Everyone using puppet knows DavidS awesome git repository : git.black.co.at. Unfornately for me, his puppet infrastructure seems to be almost only linux based. I have different OS in mine, including FreeBSD & OpenSolaris. Looking at his module-munin I decided to reuse it (and not recreate the wheel) but he used a custom fact that needed some little work. So this is a FreeBSD & (Open)Solaris capable version, to know what network interfaces have link up

# return the set of active interfaces as an array
# taken from http://git.black.co.at
# modified by nico <nico@gcu.info> to add FreeBSD & Solaris support
 
Facter.add("munin_interfaces") do
 
	setcode do
		# linux
		if Facter.value('kernel') == "Linux" then
			`ip -o link show`.split(/\n/).collect do |line|
					value = nil
					matches = line.match(/^\d*: ([^:]*): <(.*,)?UP(,.*)?>/)
					if !matches.nil?
						value = matches[1]
						value.gsub!(/@.*/, '')
					end
					value
			end.compact.sort.join(" ")
		#end
 
		# freebsd
		elsif Facter.value('kernel') == "FreeBSD" then
			Facter.value('interfaces').split(/,/).collect do |interface|
				status = `ifconfig #{interface} | grep status`
				if status != "" then
					status=status.strip!.split(":")[1].strip!
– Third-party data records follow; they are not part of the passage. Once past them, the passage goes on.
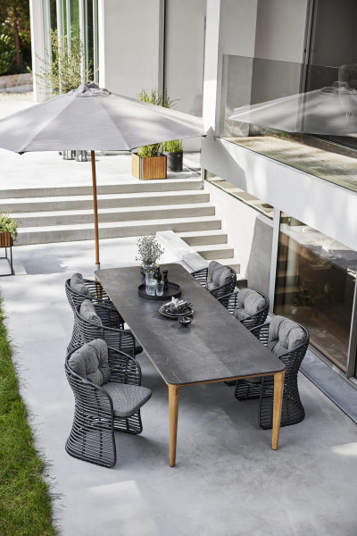 As the name of the range expresses, the parasol is created with a focus on a classic and timeless design that fits into any decor in your outdoor environment. This Classic parasol is designed to be combined with the Peacock daybed, where it will create lovely shade, so the area can be enjoyed even when the sun is at its highest. The classic parasol is made from certified teak wood, where the elegant teak slats form a beautiful web of warm wood on the inside of the parasol when it is erected. The fabric of the parasol is the durable Solution dyed 280gr/m2, which ensures a weather resistant parasol cloth, which is also resistant to UV rays. In all, a lasting and classical parasol with a long life.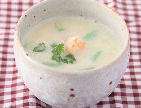 - 2.に牛乳を加えてミキサーにかける。味見をして足りなければ粗塩、こしょうで味を整える。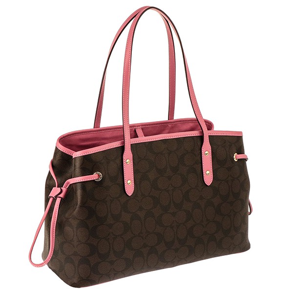 プレゼントや贈り物に、ギフトラッピングの追加はこちらブランドCOACH / コーチ 品番F57842 IMDGO サイズ約 H24×W32〜37×D16.5 cm 重さ約 707 g 持ち手長さ約 48.5 cm 持ち手高さ約 21 cm 仕様内側ファスナーポケット×2、内側ペンさし×1、内側ポケット×2、持ち手太さ 1cm、商品付属品 チャーム×1、A4サイズ対応、金具式開閉 素材PVCコーティングキャンバス 付属品 カラーブラウン×ライトピンク
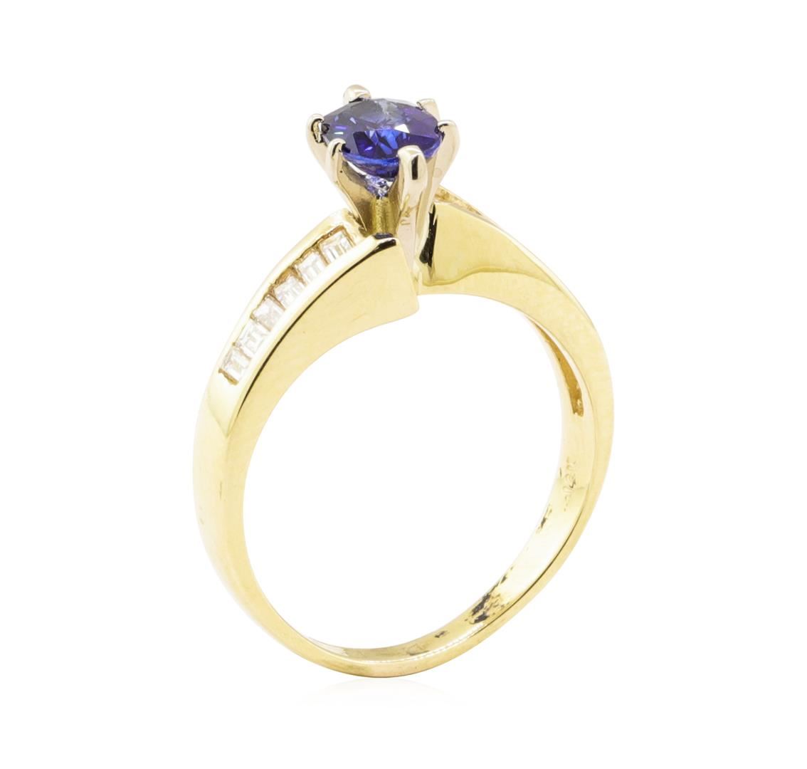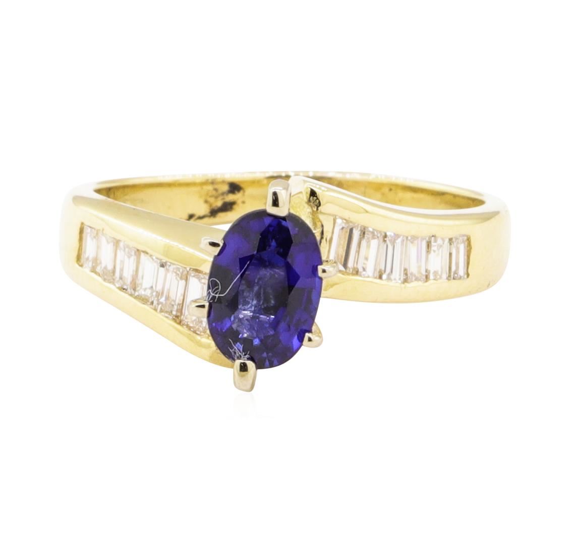 One ring featuring: 14KT yellow gold weighing 4.2 grams containing one blue sapphire weighing 0.88ct and diamonds weighing 0.50 ctw.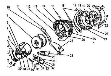 между стенками шпульки 24 и удерживает шпиндель 23 в рабочем положении.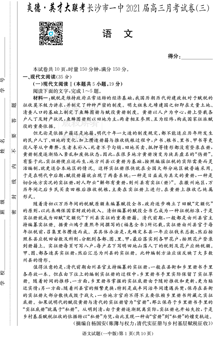 2026湖南師大附中新高考考前小題訓練·語文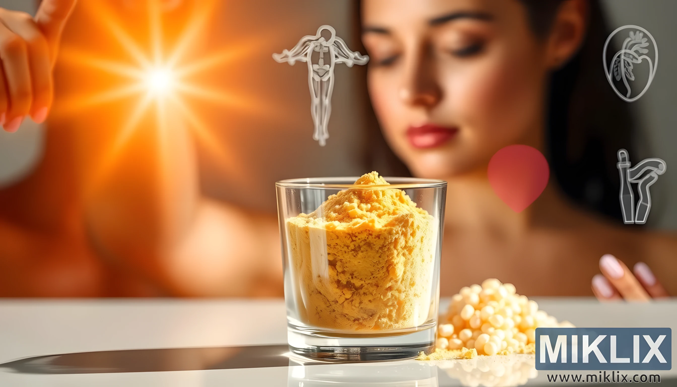 Şəkil, elmi aydınlığı sağlamlıq və canlılıq atmosferi ilə mükəmməl birləşdirən şəkildə təqdim edilmiş kollagen əlavəsinin faydalarının vizual olaraq cəlbedici tədqiqini təqdim edir. Kompozisiyanın mərkəzində, ön planda qızıl kollagen tozu ilə dolu şəffaf şüşə dərhal diqqəti cəlb edir. Toz incə teksturalıdır və isti parıltı ilə yuyulur, onun parlaq rəngi saflıq, enerji və qidalanmadan xəbər verir. Şüşənin altındakı hamar əks etdirici səth zəriflik və təmizlik təəssüratını artırır, demək olar ki, klinik dəqiqlik hissini oyadır, eyni zamanda sağlamlıq ritualının istiliyini və rahatlığını saxlayır. Yaxınlıqda səpələnmiş parlaq kollagen kapsulları var, onların mirvari parıltısı tutqun tozla ziddiyyət təşkil edir və kollagenin müxtəlif yollarla istehlak edilə biləcəyini əks etdirən ahəngdar bir cüt yaradır - istər içki qarışıqlarında, istərsə də əlavələr kimi.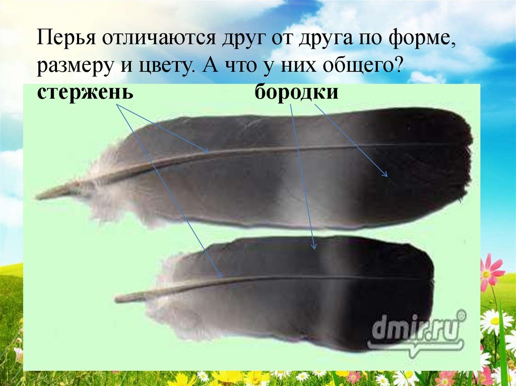 Перья отличаются друг от друга по форме,размеру и цвету. А что у них общего?

					if status == "active" then # I CAN HAZ LINK ?
						interface.to_a
					end
				end
			end.compact.sort.join(" ")
		#end
 
		# solaris
		elsif Facter.value('kernel') == "SunOS" then
			Facter.value('interfaces').split(/,/).collect do |interface|
				if interface != "lo0" then # /dev/lo0 does not exists
					status = `ndd -get /dev/#{interface} link_status`.strip!
					if status == "1" # ndd returns 1 for link up, 0 for down
						interface.to_a
					end
				end
			end.compact.sort.join(" ")
		end
	end
end

Thanks to Volcane from IRC for helping me.